I normally write twelve hours from now when I can be comfortably ensconced in my Blue-Chair with Ugly-Cat perched next to my right elbow before she has determined that I have spent enough time distracted and need to spend more time petting her. Then, she’ll arrogantly walk across the keyboard, her little kitty paws making the cursor spaz and do a funny little boogaloo.
Right now, I am writing for distraction, for catharsis. Because somewhere below me, the Boy is going through freshman orientation.
Yeah, I wrote about this last night. But that was as a mom and a teacher who wasn’t used to having her son in the same building as herself.
I keep on telling myself that I was ready for this. The Boy and I had negotiated our armistice, drew our boundary lines. We had agreed on statues of limitations and defined our crimes against dignity. We were ready.
And then, when the Boy and I were visiting my Dear Colleague Friend, we could hear the gleeful shouts and cheers of the mentors as they greeted the in-coming freshmen. Every few seconds, the quiet would be suddenly interrupted with high pitched shrieks and we would dart a glance at the bashful teenager walking through a tunnel of waving hands.
It was glorious.
It was terrifying.
I suggested to the Boy that he needed to go down and join the festivities. The Dear Colleague Friend instructed him to walk through the greeting line and the Boy’s shoulders curled up like a frightened snail and his eyes glanced at me with trepidation.
I wanted to insist so I could watch him, but then I remembered my parents’ favorite “game” when I first started working: “Let’s Watch Graceless Work.”
I was sixteen and chubby and unsure of myself and a miserable wretch of a teenager working in a snack bar at a county park. And my parents would walk the mile or so through the woods so they could press their faces against the plexiglass window and watch me work. As though I were a spectator sport. And it was humiliating.
So I reassured the Boy that he didn’t have to walk through the greeting line but could quietly sneak down the stairs and emigrate into the swirling mass of over-whelmed freshmen and hyped upper classmen.
Go Boy. Have a good time.
I was fine with kindergarten transition. I didn’t see him off on the bus. I didn’t do much of anything other than go to work and pretend that it wasn’t that big of a deal. Come on. He was just beginning his years of education that may or may not set him on the road to future, glorious success.

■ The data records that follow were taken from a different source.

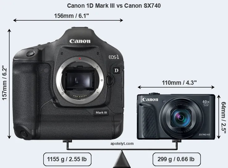 The physical size and weight of the Canon 1D Mark III and the Canon SX740 are illustrated in the side-by-side display below. The two cameras are presented according to their relative size. Three consecutive perspectives from the front, the top, and the back are available. All width, height and depth dimensions are rounded to the nearest millimeter.
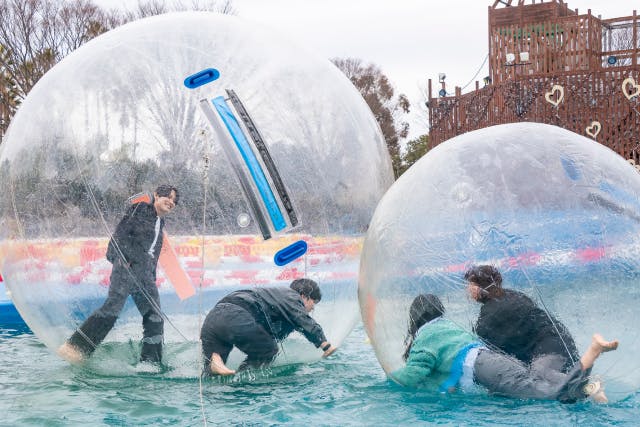 水の上を歩く、転がる、笑いあう。巨大なバルーンの不規則な動きを楽しみつつ、仲間と協力してバランスをとりながら進みましょう。ドキドキ、ワクワクが止まりません!
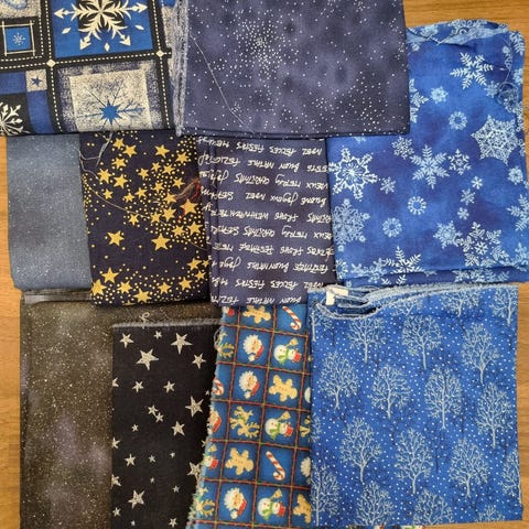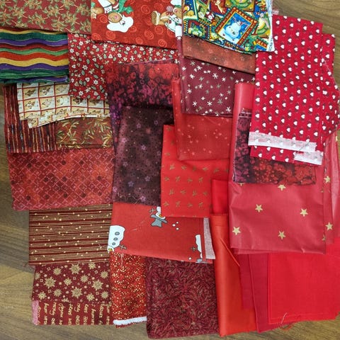 I denne pakken er det ca 1,2 kg. Det meste er bomullstoff.
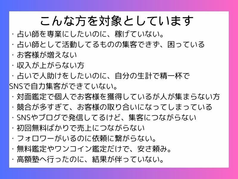 占い未経験者でも、最短9日間で占いのスキルを習得し、毎月30万円の売上を安定して獲得できる方法をお伝えします。私はSNSを活用して、集客や売上の安定を実現しました。
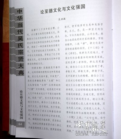 天下吴氏讯(吴蜀丰)【编者按】本期推荐文章:《谈家谱》。《姓族家谱和宗典人籍由私修私藏走向公开》作者吴洪激。《至德论与文化强国》作者吴洪激。《文化分源走向文化趋同》作者吴洪激。
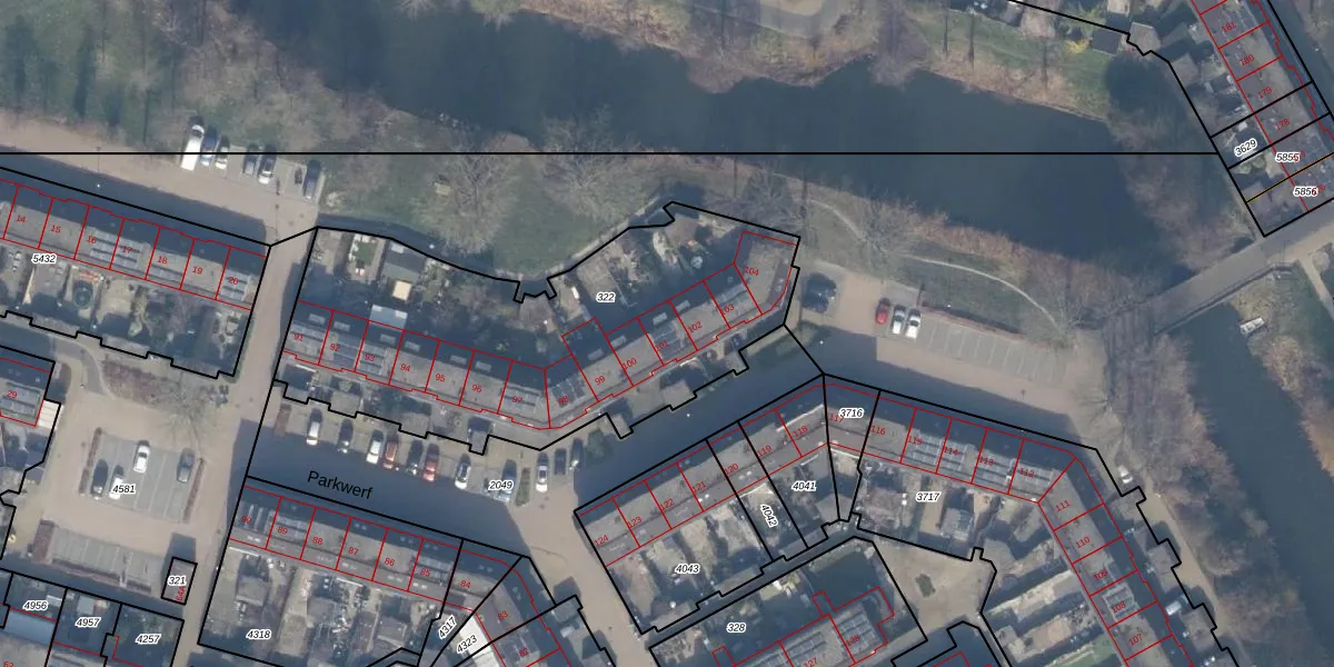 Het perceel waarop Parkwerf 101 staat heeft een oppervlakte van 1877 m². Dit is een zeer groot perceel. De perceeloppervlakte wordt geregistreerd door het Kadaster. Gedetailleerde informatie over de maten van dit perceel kunt u vinden in het rapport Kadastrale kaart met maatvoering van Parkwerf 101.
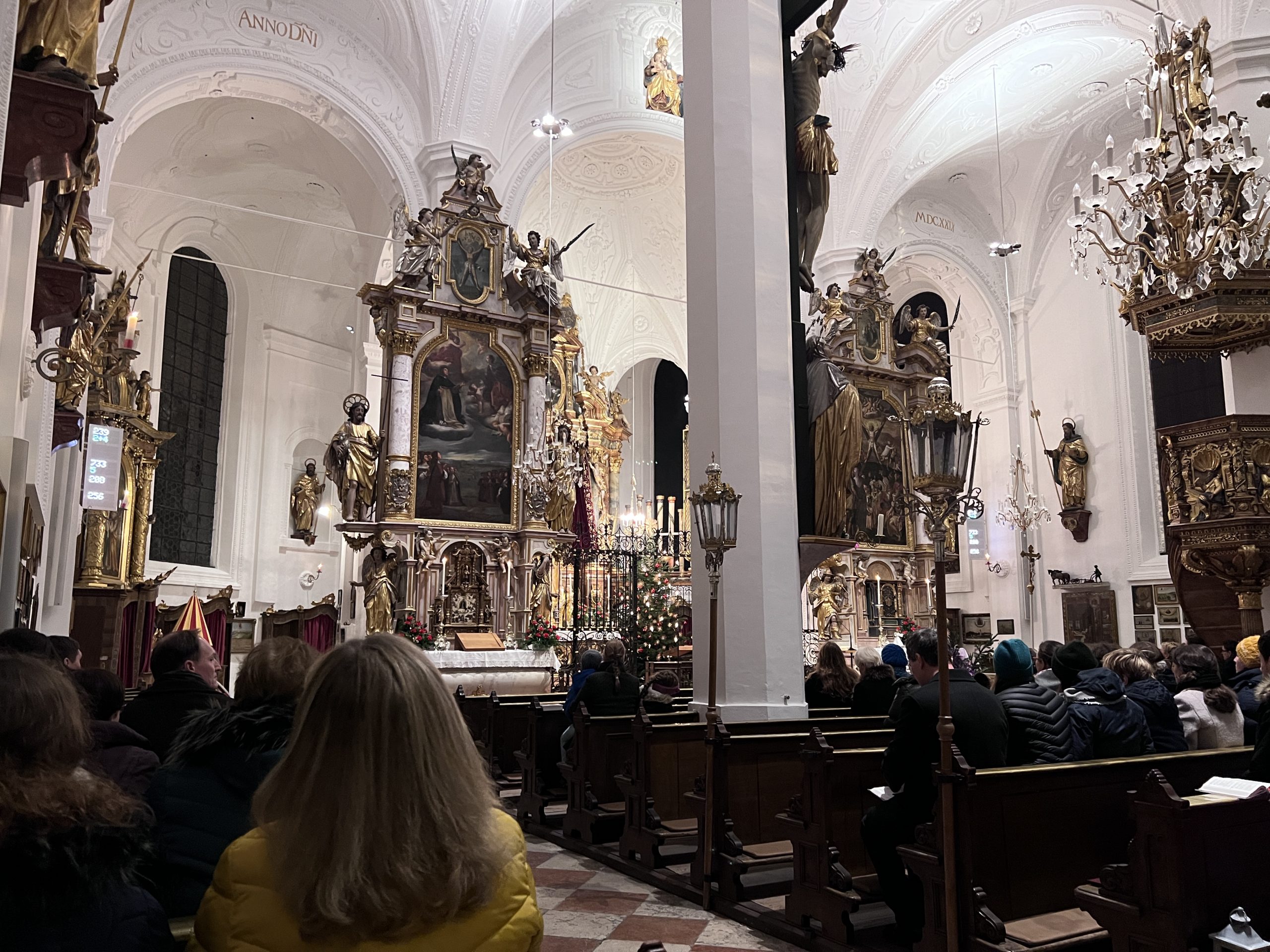 Eine wunderbare Stimmung in einer schönen Kirche bringt uns dem katholischen Glauben erheblich näher und wir lauschen der Weihnachtspredikt eines extra aus Rom angereisten Paters
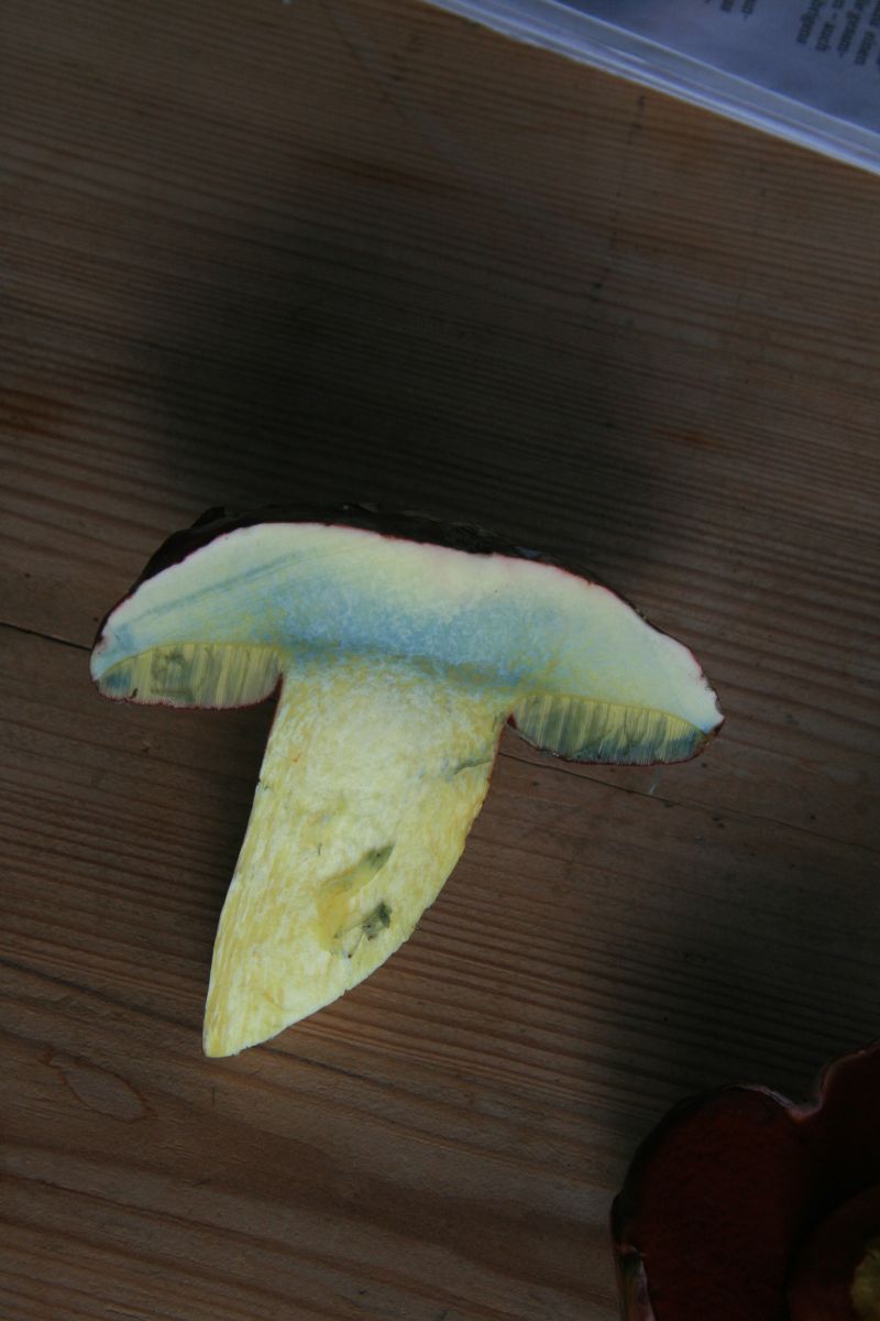 Hutfarbe ist schwer zu beschreiben (graugelbrot oder so...), blaut beim Anschnitt nur wenig (auf den Fotos ist der Zustand etwa 1min nach dem Anschnitt zu sehen), kein unangenehmer Geruch.
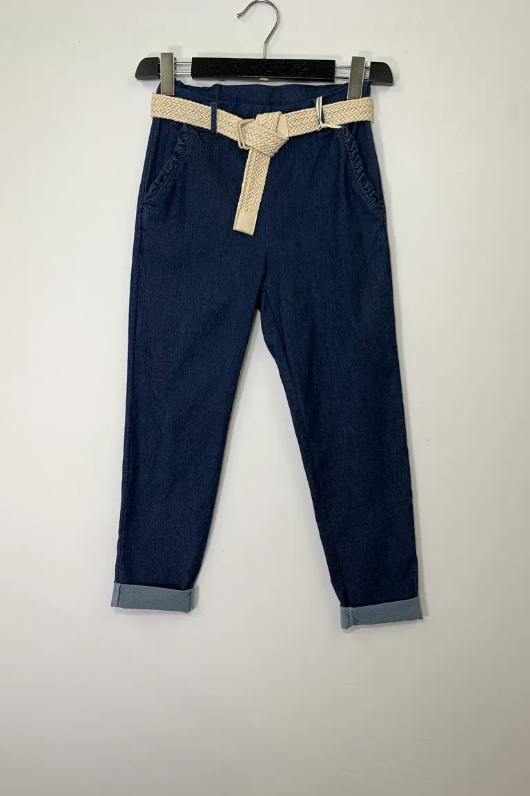 Descrizione Pantalone morbido chambray, ruches alle tasche
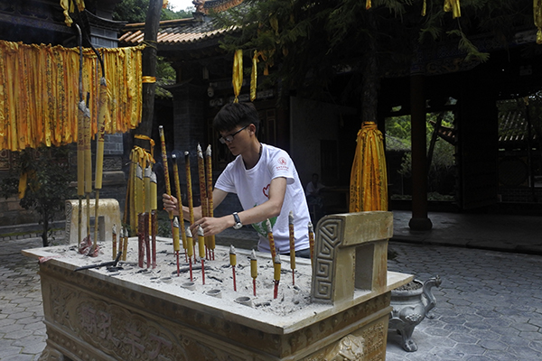 队员在孔庙烧香祭奠孔子
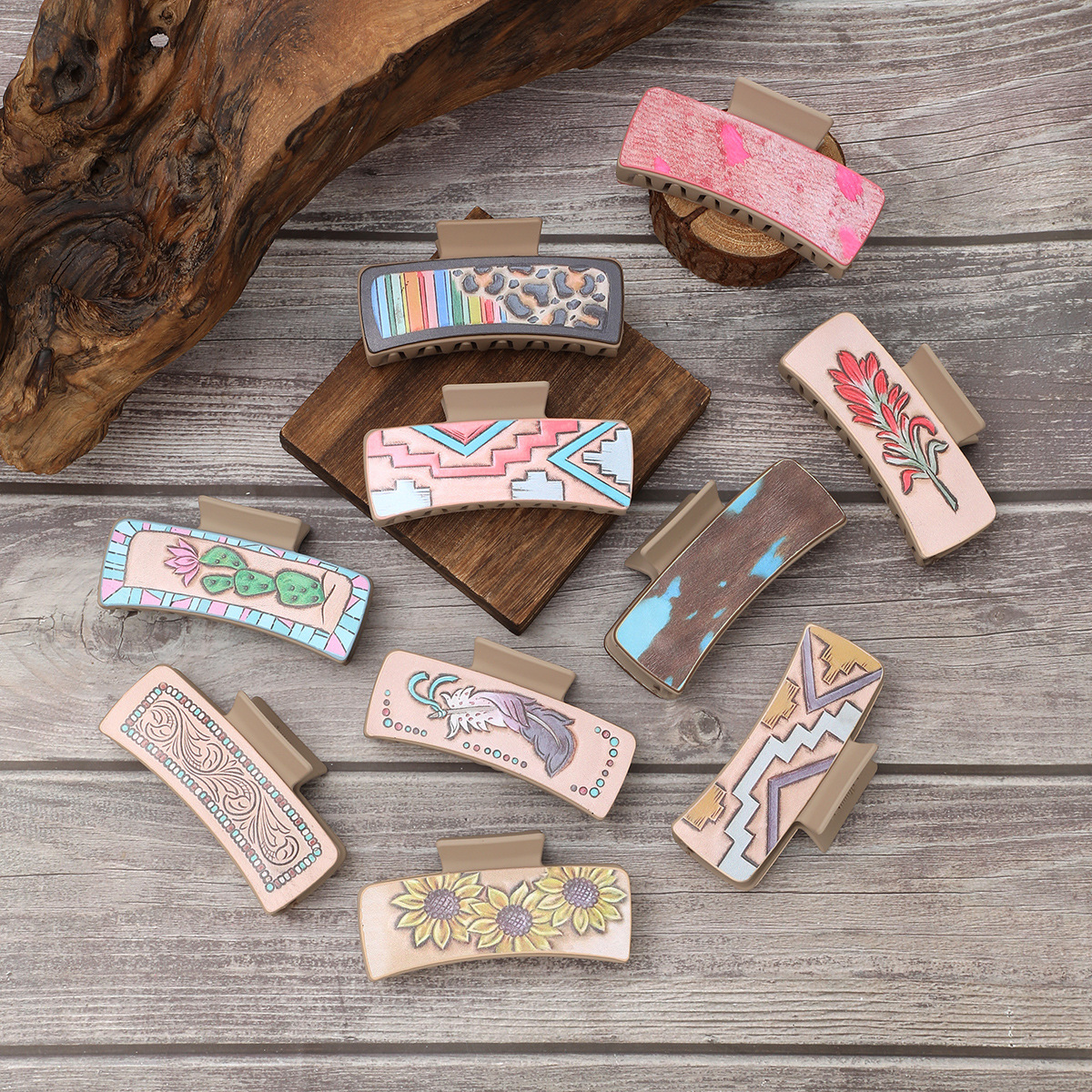 跨境西部风仙人掌羽毛向日葵皮革鲨鱼夹抓夹女士发夹亚马逊
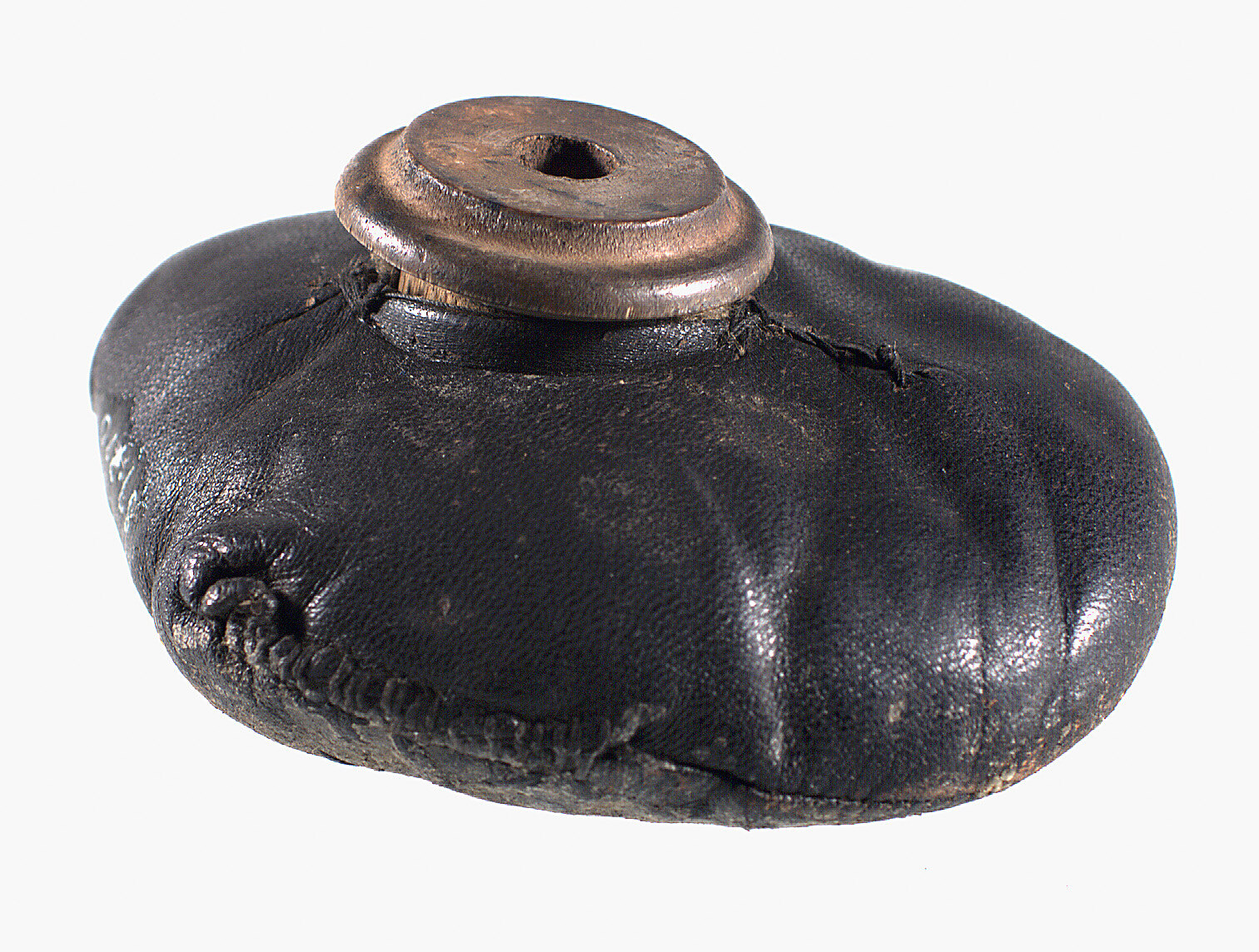 Home-made sewing palm, made from scrap of black leather, with wooden cotton reel handle, stuffed with unknown material. Made and used at Simpson's Gloves Pty Ltd, Richmond, 1970s.
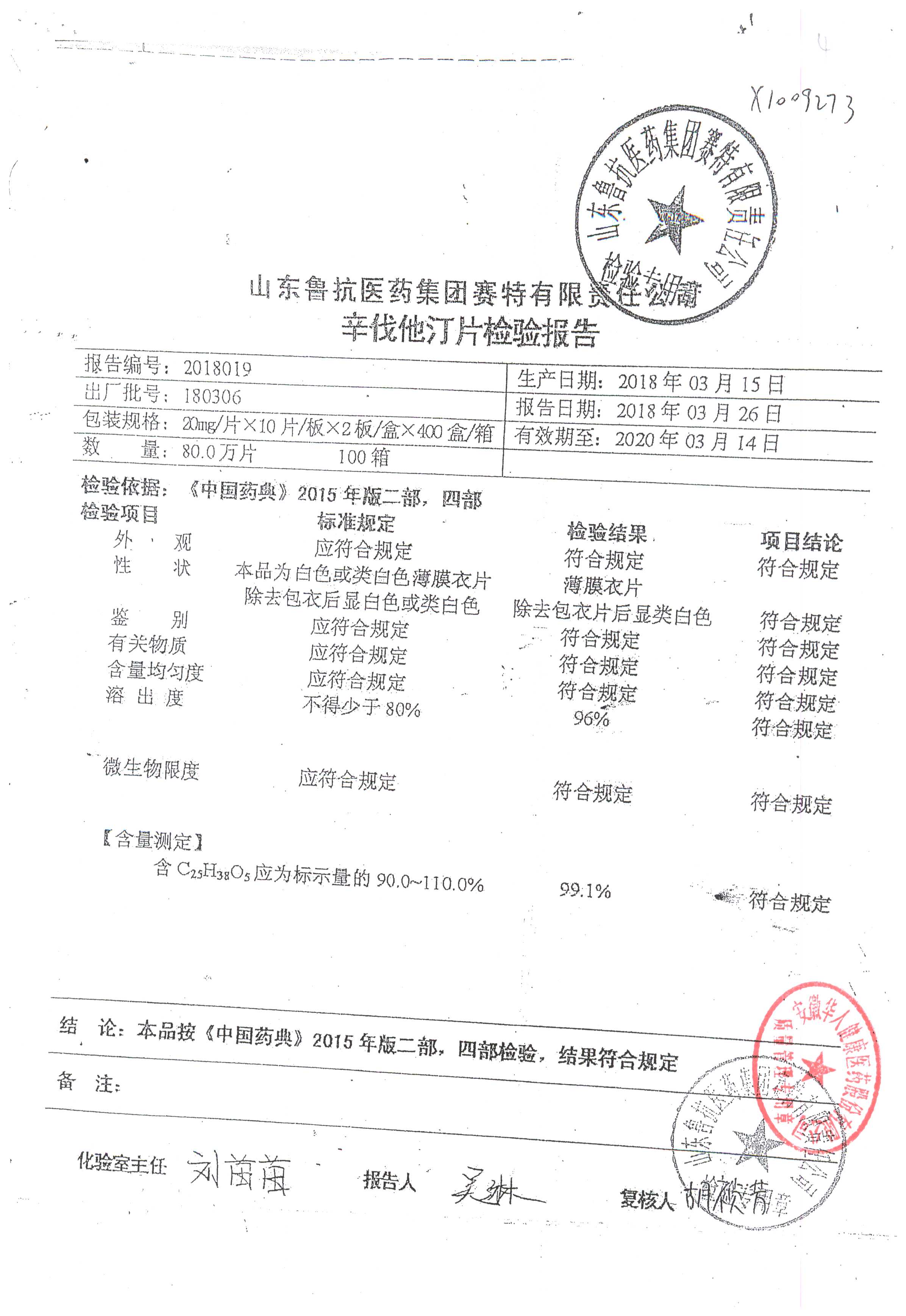 辛伐他汀片 | 20mg*20片 | 180306 | 查看详情 |
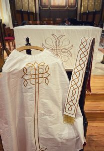 In my role on Altar Guild, Jon told me about his and Michael’s gift to the congregation—custom new vestments. I was under strict orders to keep this secret and under wraps. But, unbeknownst to Jon, I contacted the fabric artist they commissioned. I asked if there was anything she might have added to the order to enhance her vision of the art that she would be creating. Indeed, she did have ideas! First of all, she wanted to complete an artistic element on Jon’s chasuble (robe) that she felt completed her design. Next, she thought it would enhance the chancel if we had a matching pulpit hanging.

Middle school transition was horrible for me because I hated middle school and I was projecting my memories and my fears on to the little boy who was curled up in the seat next to me as I drove us to our respective schools.
And he survived the jungles and emotional obstacle courses of middle school and came out six inches taller than me and with a much straighter, stronger back.
I have no fear for him being here. He knows at least three of his teachers. He has all the classes he could want. His teachers are awesome, and I say this with absolute honesty and sincerity.
The Boy is going to be fine and I know that he is going to be fine. And even as I write this, the anxiety tempers itself, falls away with each keystroke.
Without reason, I keep indulging in this gut-instinct-fantasy that this is going to be a great year. And I have no reason to be able to say this. I am teaching a class I’ve never really taught before because it is populated with students whom I’ve never really taught before. And both of my children are entering very newish environments.
But it’s going to be a great year. And I’m saying this with absolute confidence and sincerity because I truly believe this. I know that bad things are going to happen. I’m going to have bad days in which I will question the authentic conviction I felt (and am still feeling) when I wrote the above sentences. But, as I have written before, I will not be defeated.
And since I am the Boy’s mother, I know that he will not be defeated also.